I found some exponentially inefficient recursion in getTaintedSymbolsImpl(), which is clearly capable of producing the symptoms that you observed, especially on the code of sheervideo.c which is full of complex nested ElementRegion expressions. I cannot explain why this inefficiency would be activated/triggered by the commit which changes the callbacks of ArrayBoundV2, but I think that it's too "good fit" to be a coincidence (and it should be fixed even if your observations are caused by a different bug).

Could you check whether my PR https://github.com/llvm/llvm-project/pull/89606 resolves the performance issue that you observed?

steakhal commented 6 months ago

Thanks for looking into this issue. I really appreciate that!

If we accept how we check ElementRegions for taint, and check both Base-region and the Offset, then we could memoize the results to cut recursion.

If we say, everything works as intended, but ElementRegions should be considered tainted only if the Offset is tainted, then your PR seems valid to me.
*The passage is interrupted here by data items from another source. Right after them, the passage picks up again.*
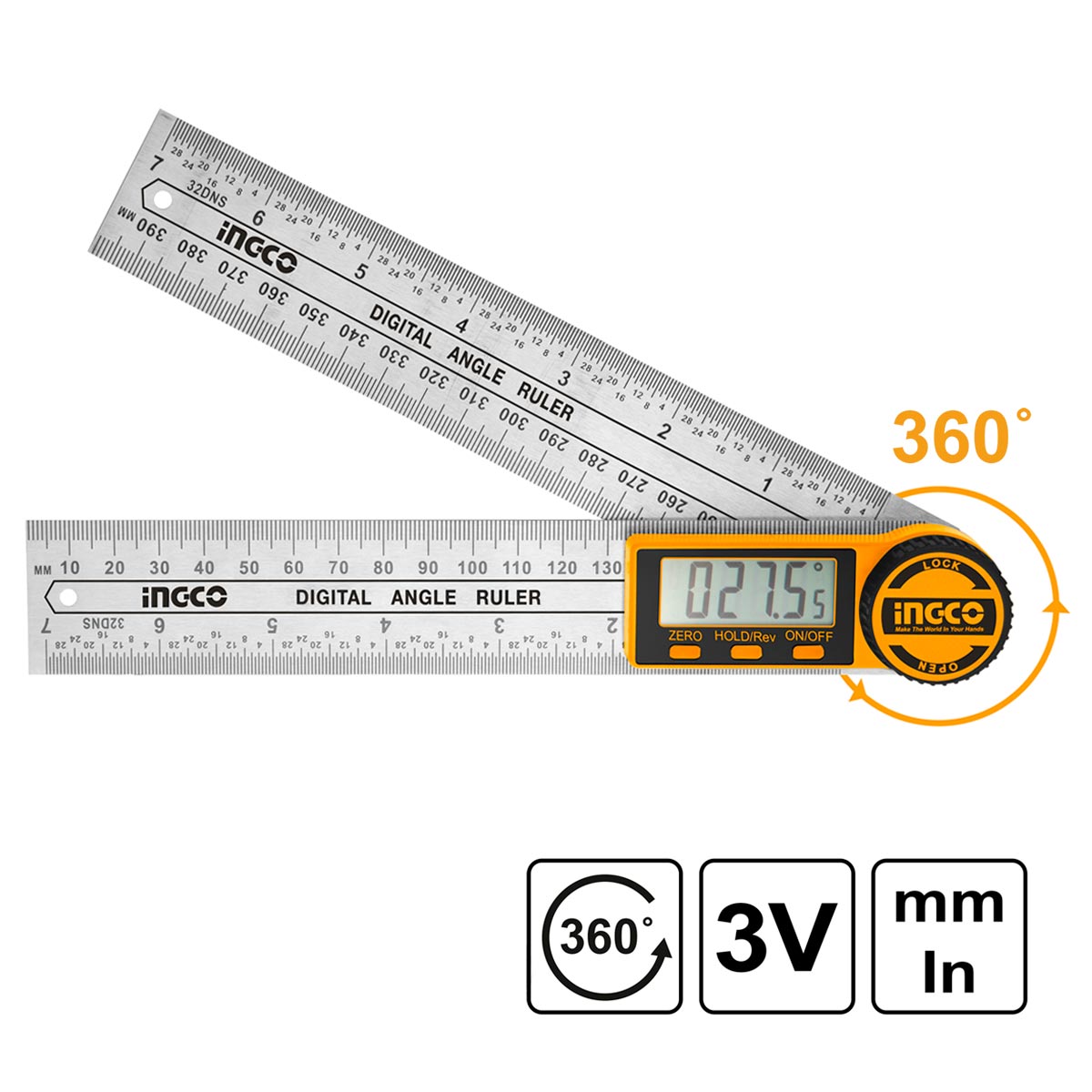 Ψηφιακός γωνιακός χάρακας αλουμινίου υψηλής ακρίβειας με εύρος μέτρησης 0–360°, διπλή κλίμακα (mm/inch) και εύκολη ανάγνωση. Ιδανικός για ξυλουργούς, τεχνίτες και επαγγελματική χρήση.
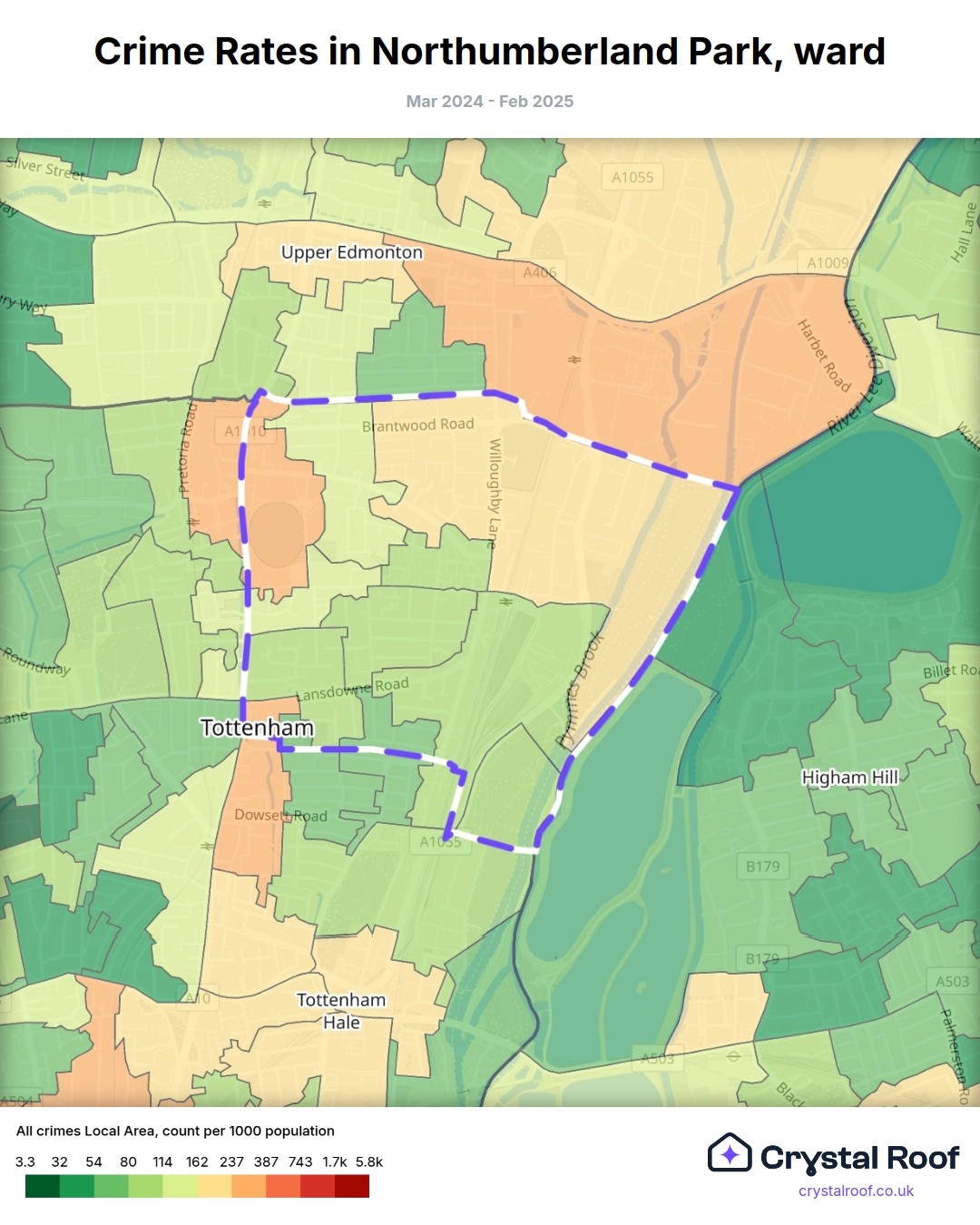 Northumberland Park, (ward) includes areas with the following crime ratings (see map):
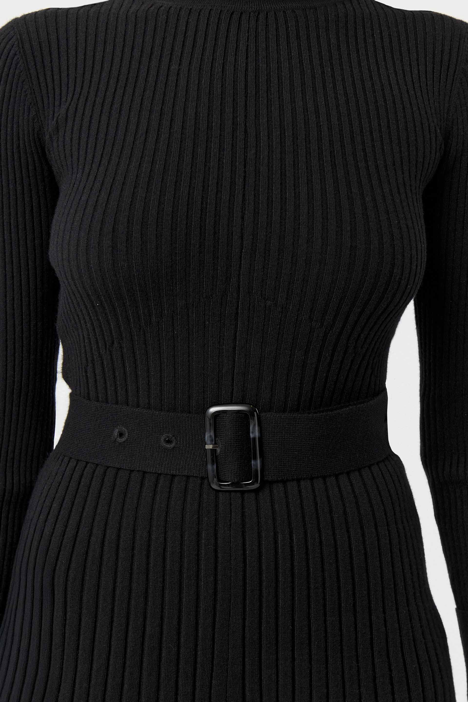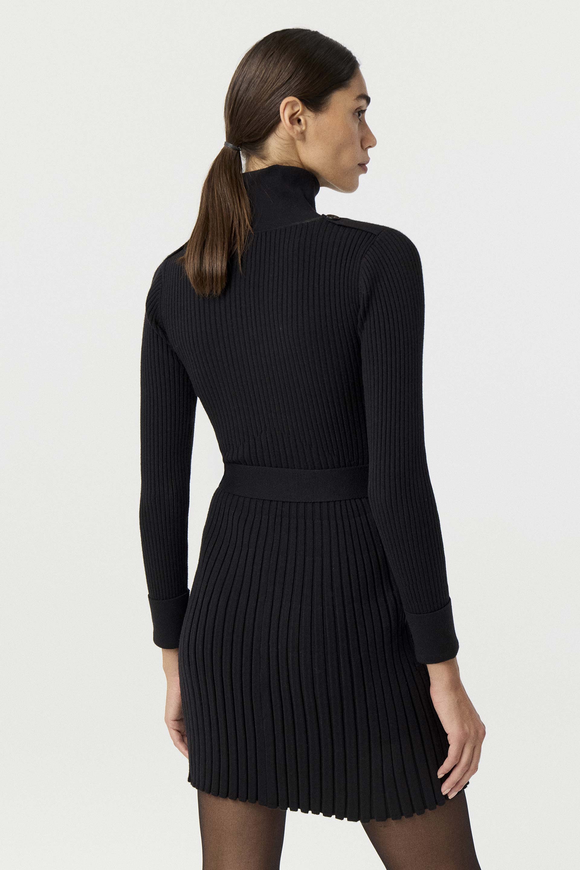 Vestido tejido en punto acanalado de calce anatómico, con falda evasé, largo por arriba de las rodillas y mangas largas. Cuello alto rebatible, charreteras en hombros y cinturón tejido con hebilla de resina en la cintura. Sofisticado y elegante, un ítem clave de tu fondo de armario.
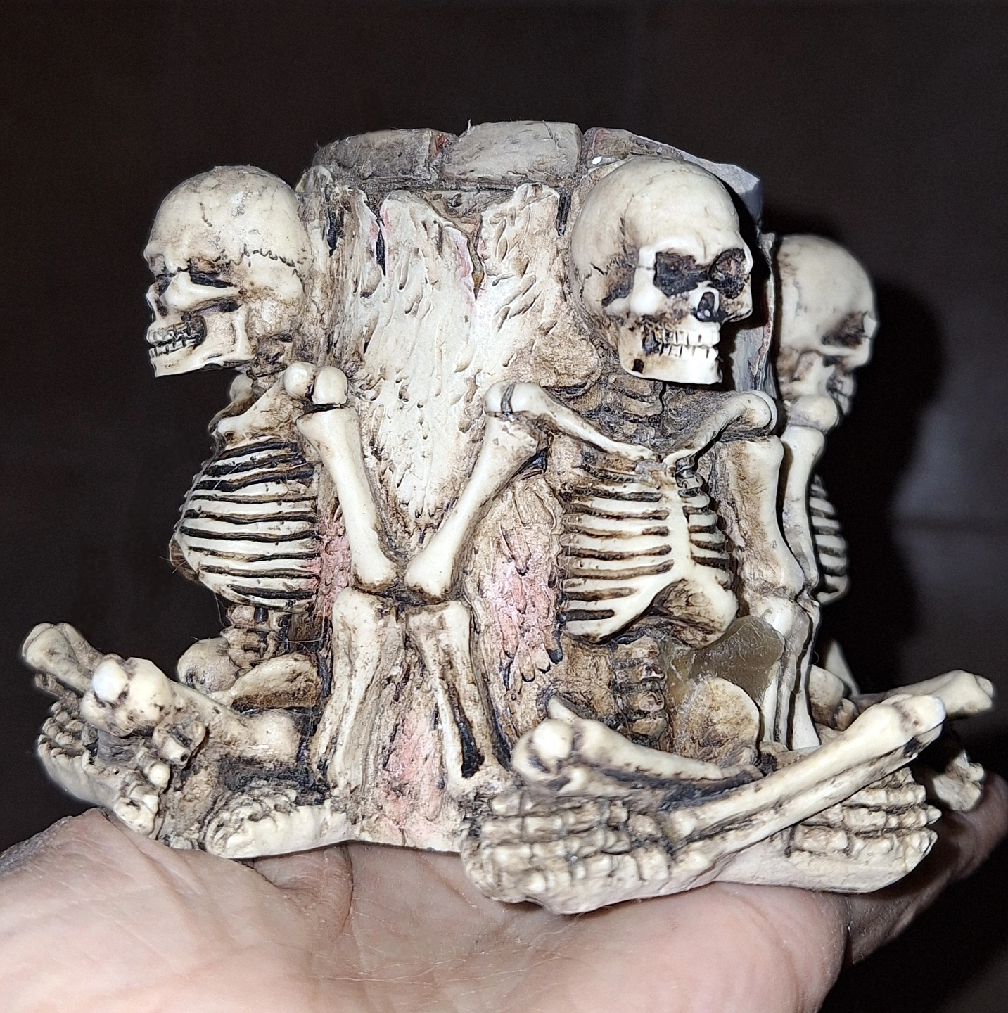 Here's a unique skeleton ceramic sculpture! It features skeletons sitting around a brick well, which holds a candle. Some damage. This spooky piece would be perfect for Halloween or any fan of the macabre. Made in 1999 Proceeds to cat rescue, Kit Cat Club Of Hamilton Upper Wentworth and Concession area Hamilton mountain
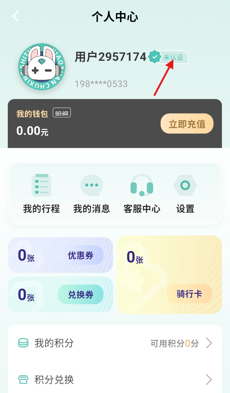 在个人中心页面,找到用户名旁边标注的“未认证”提示,点击该提示即可进入认证入口。
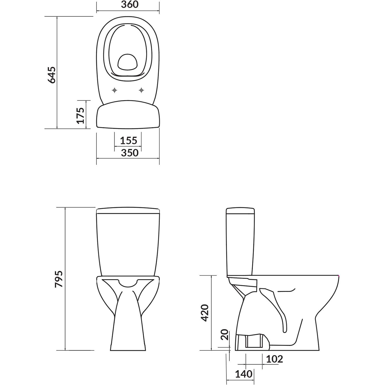 | Breite des WC-Beckens: | 64,5 cm |
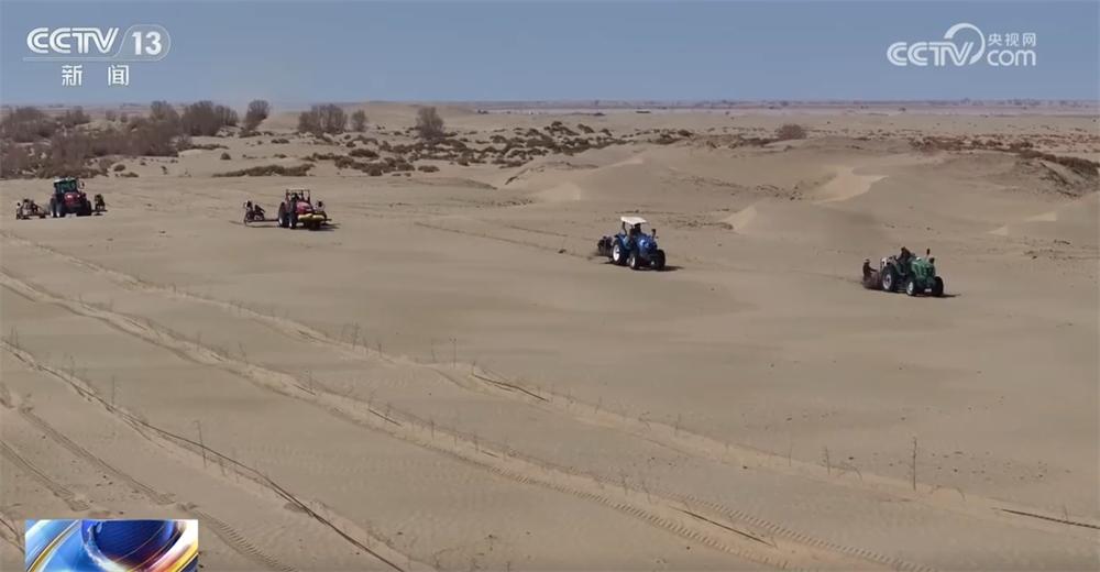 刚进四月,塔克拉玛干的正午就烈日炎炎。几台无人驾驶的种树机在北斗导航的指引下匀速前行,每一台机器走过,身后便留下一行笔直的树苗,两列树苗之间留出了5米宽的行距。
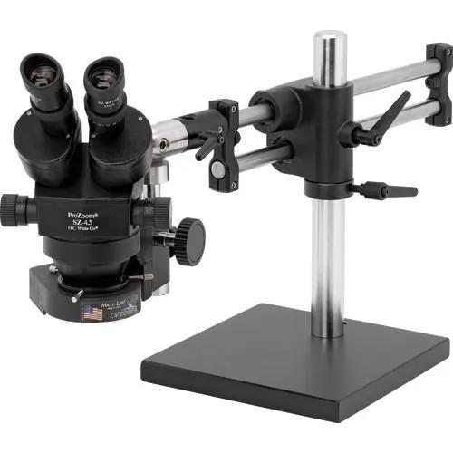 ProZoom® 4.5 Stereo-Zoom Microscope. Extra-Large (22mm) 10X Eyepieces. Standard Range 7-45X (3.5 – 225X with optional parts). 16" Tall Ball Bearing Base, Easy 360° main body rotation. 90-250mm working distance. 0.5 Auxiliary Objective Lens at no charge ($125 value). ±5 Diopter Adjustable eyepieces to correct individual eyesight variations. 45° Eyetube inclination. ESD Safe Standard. Micro-Lite® LV2000-B LED Ring Light
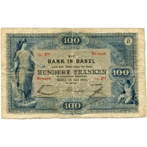 | Obverse lettering | 100 DIE BANK IN BASEL zahlt dem Überbringer, bei Sicht, HUNDERT FRANKEN 100 in gesetzlicher Barschaft. BASEL 15 Juni 1902. DER PRÄSIDENT : DER KASSIER : DER DIREKTOR : 100 |
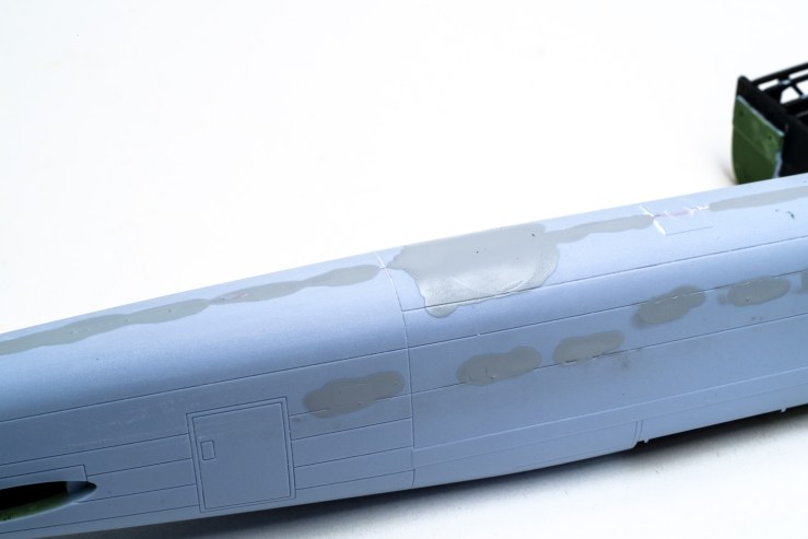And no real dramas with the Upper and lower M/G positions. Airfix provided the plug for the bottom and I made a plastic shelf inside loaded with Tamiya putty for the top one. The heavy scoring is to provide grip for a coat of Perfect Plastic Putty and eventually some surfacer
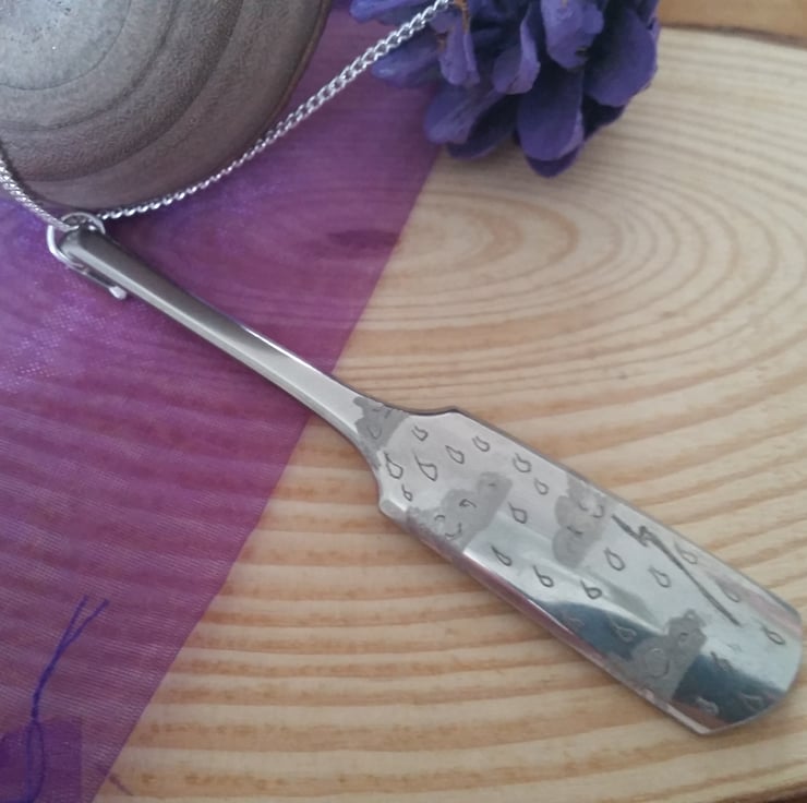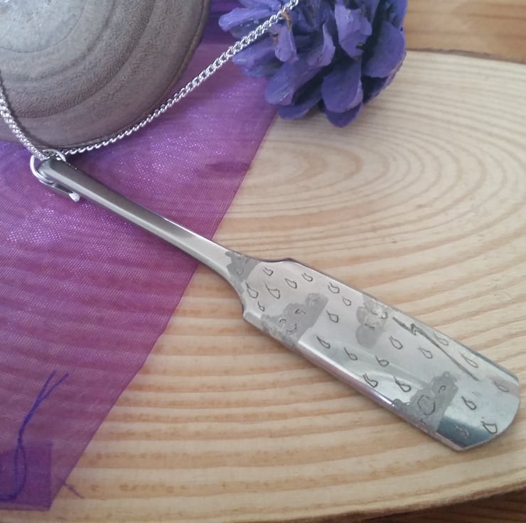 This unusual necklace has been made from the handle of an old spoon. The bowl of the spoon has been removed and the thin end of the handle bent around to form a bail. The handle has then been engraved with clouds and thunder and lightning using a carborundum stone and a dremel engraver.
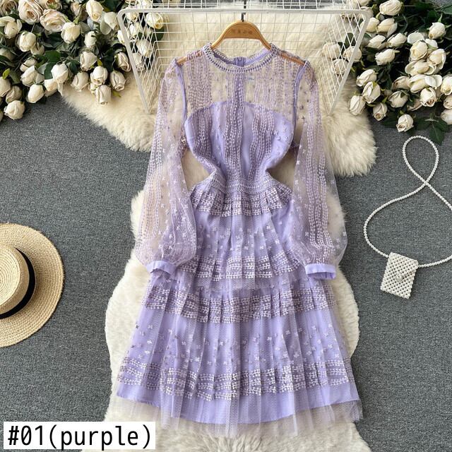 [EWQ] レースメッシュフックフラワードレス甘い気質ランタンスリーブパープル O ネックドレス夏 Vestido 16Y9376 大人ガーリー スウィート キュート カジュアル サマー 夏物 Oネック フラワーデザイン
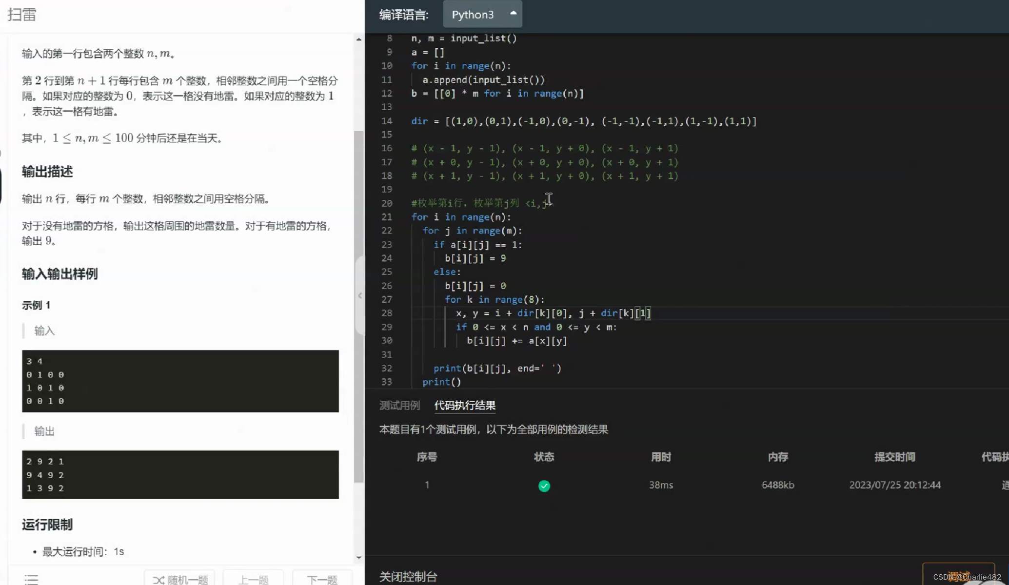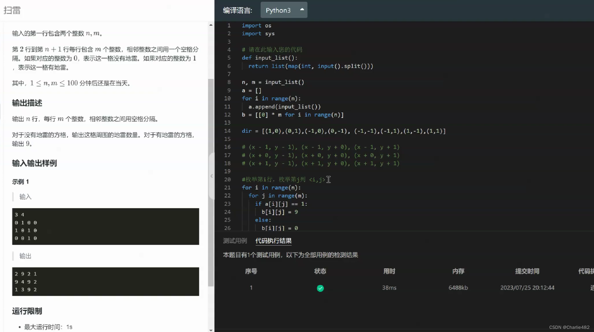 # 枚举第i行,枚举第j列
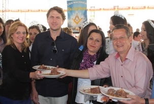 Na hora do clic oficial, o prefeito anfitrião Claudinei Minchio passou um prato para a prefeita vizinha Regina Dubay.
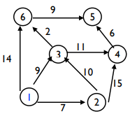 시작 노드인 1번 노드와 연결된 2, 3, 6번 노드의 거리를 업데이트해줍니다.
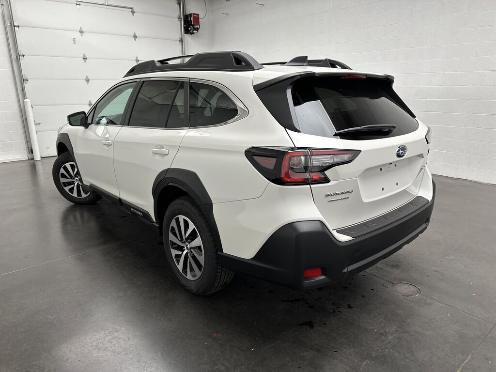 Additional thoughtful touches like the Auto-Dimming Mirror with Compass and HomeLink, All-Weather Floor Liners, and Rear Bumper Cover from the Popular Package #1A make daily driving that much easier and cleaner. The Outback Premiumâs raised suspension, roof rails with integrated crossbars, and 17-inch alloy wheels complete the SUVâs purposeful look and ready-for-anything stance.

If we ask ourselves, why was the maximal symbol complexity of the symbols passed to isTainted at most 4-5 prior the change, and suddenly 31-35 (hitting the max complexity), then I'm not sure if this is expected and intended. We might end up with other consequences because of these largely complex symbols in other places, and isTaint was just an example. Depending on this, we might cure a symptom and not the cause with the PR you propose or memoization.

I'd be interested in what is the value of having so complex symbols at times, and what is actually causing those huge symbols.

NagyDonat commented 6 months ago

If we say, everything works as intended, but ElementRegions should be considered tainted only if the Offset is tainted, then your PR seems valid to me.

I think you're misunderstanding my commit -- an ElementRegion with a tainted super-region will be considered tainted even after merging my commit (because the ElementRegion is a SubRegion and the branch for subregions still performs the check once).

I'd be interested in what is the value of having so complex symbols at times, and what is actually causing those huge symbols.

I agree that this would require separate investigation. My wild guess is that there is some normalization step that happens between the PostStmt and the Location callbacks...

steakhal commented 6 months ago

I had a look at the patch and that seems solid. That should land even if we decide to continue this investigation here. Landing that would close this issue, but we can always reopen it or split a different ticket if the findings justify so.

NagyDonat commented 6 months ago

I merged my commit and created a new issue for the symbol complexity part of this issue. I'll start working on that question, probably by examining the logic that happens between the PostStmt and Location callbacks.